--- Supplied information Enclosed Below ---
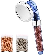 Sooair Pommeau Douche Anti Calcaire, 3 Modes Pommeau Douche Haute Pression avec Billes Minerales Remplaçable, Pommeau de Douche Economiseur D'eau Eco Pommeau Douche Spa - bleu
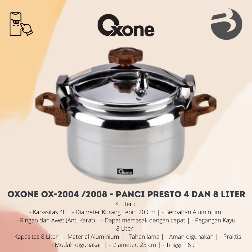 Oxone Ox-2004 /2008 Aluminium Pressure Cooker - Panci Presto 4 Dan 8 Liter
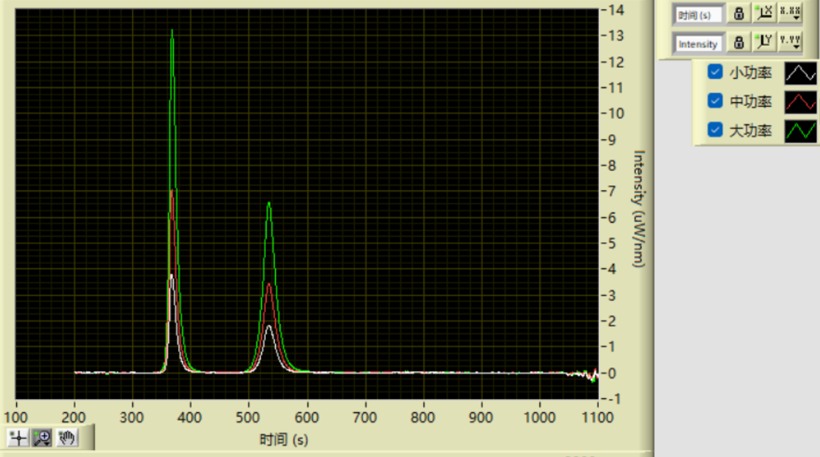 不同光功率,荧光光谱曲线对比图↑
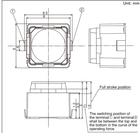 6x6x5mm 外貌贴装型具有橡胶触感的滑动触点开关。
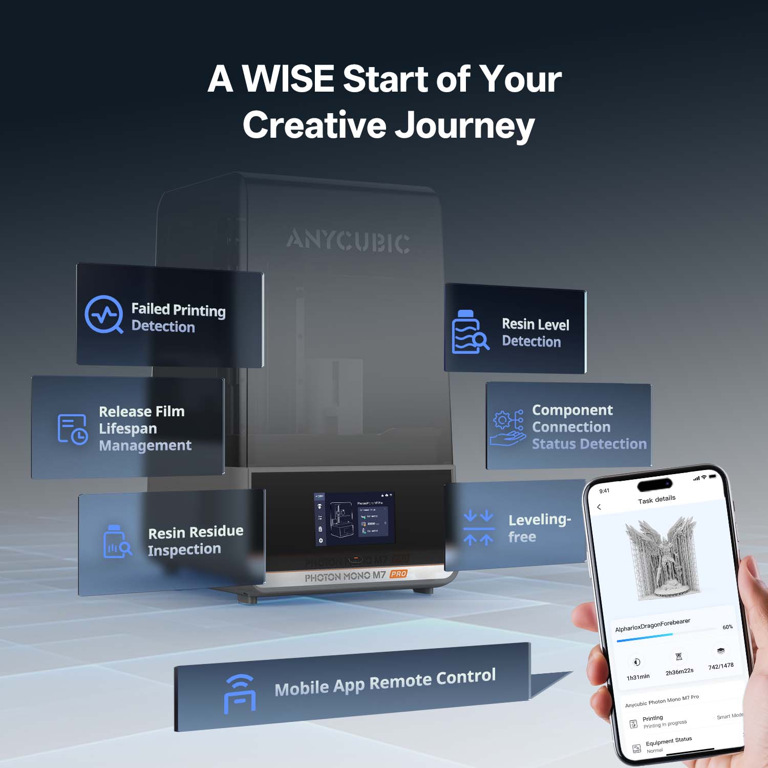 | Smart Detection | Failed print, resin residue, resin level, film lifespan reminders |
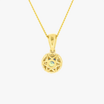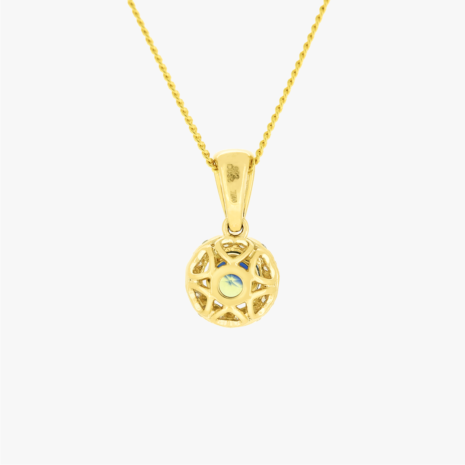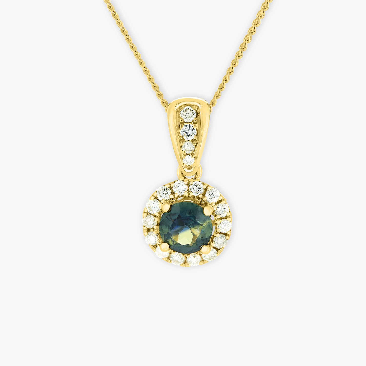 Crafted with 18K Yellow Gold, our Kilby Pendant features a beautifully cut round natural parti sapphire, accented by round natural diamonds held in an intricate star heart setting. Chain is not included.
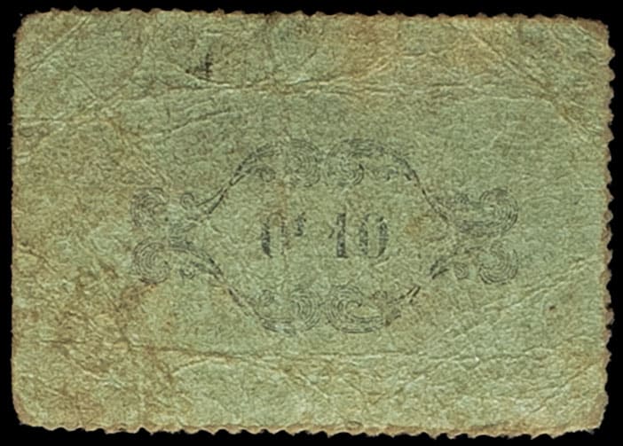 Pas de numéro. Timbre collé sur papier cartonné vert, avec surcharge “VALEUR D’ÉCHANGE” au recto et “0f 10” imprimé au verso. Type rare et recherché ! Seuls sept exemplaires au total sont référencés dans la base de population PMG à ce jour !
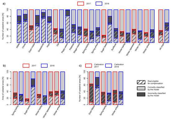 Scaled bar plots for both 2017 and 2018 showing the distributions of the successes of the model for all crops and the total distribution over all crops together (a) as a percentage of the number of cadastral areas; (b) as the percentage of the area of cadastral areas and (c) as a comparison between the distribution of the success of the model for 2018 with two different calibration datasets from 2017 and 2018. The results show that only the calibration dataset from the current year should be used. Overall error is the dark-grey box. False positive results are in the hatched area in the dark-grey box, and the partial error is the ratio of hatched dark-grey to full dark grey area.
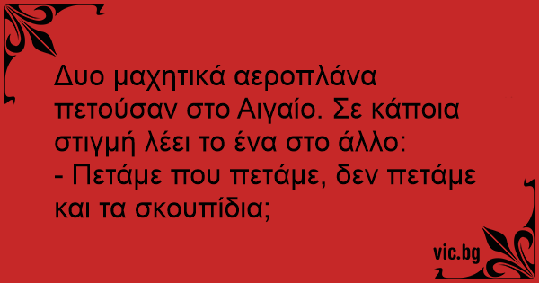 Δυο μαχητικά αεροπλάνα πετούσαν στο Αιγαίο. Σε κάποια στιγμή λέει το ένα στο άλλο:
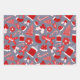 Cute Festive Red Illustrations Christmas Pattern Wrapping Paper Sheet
--- End of Enclosed Supplied information ---
» Your task: Beginning with the line that contains "Δυο μαχητικά αεροπλάνα", output every line down to the last line of the entries above exactly as written, apart from the pictures.

» Expected output:
 Δυο μαχητικά αεροπλάνα πετούσαν στο Αιγαίο. Σε κάποια στιγμή λέει το ένα στο άλλο:
 Cute Festive Red Illustrations Christmas Pattern Wrapping Paper Sheet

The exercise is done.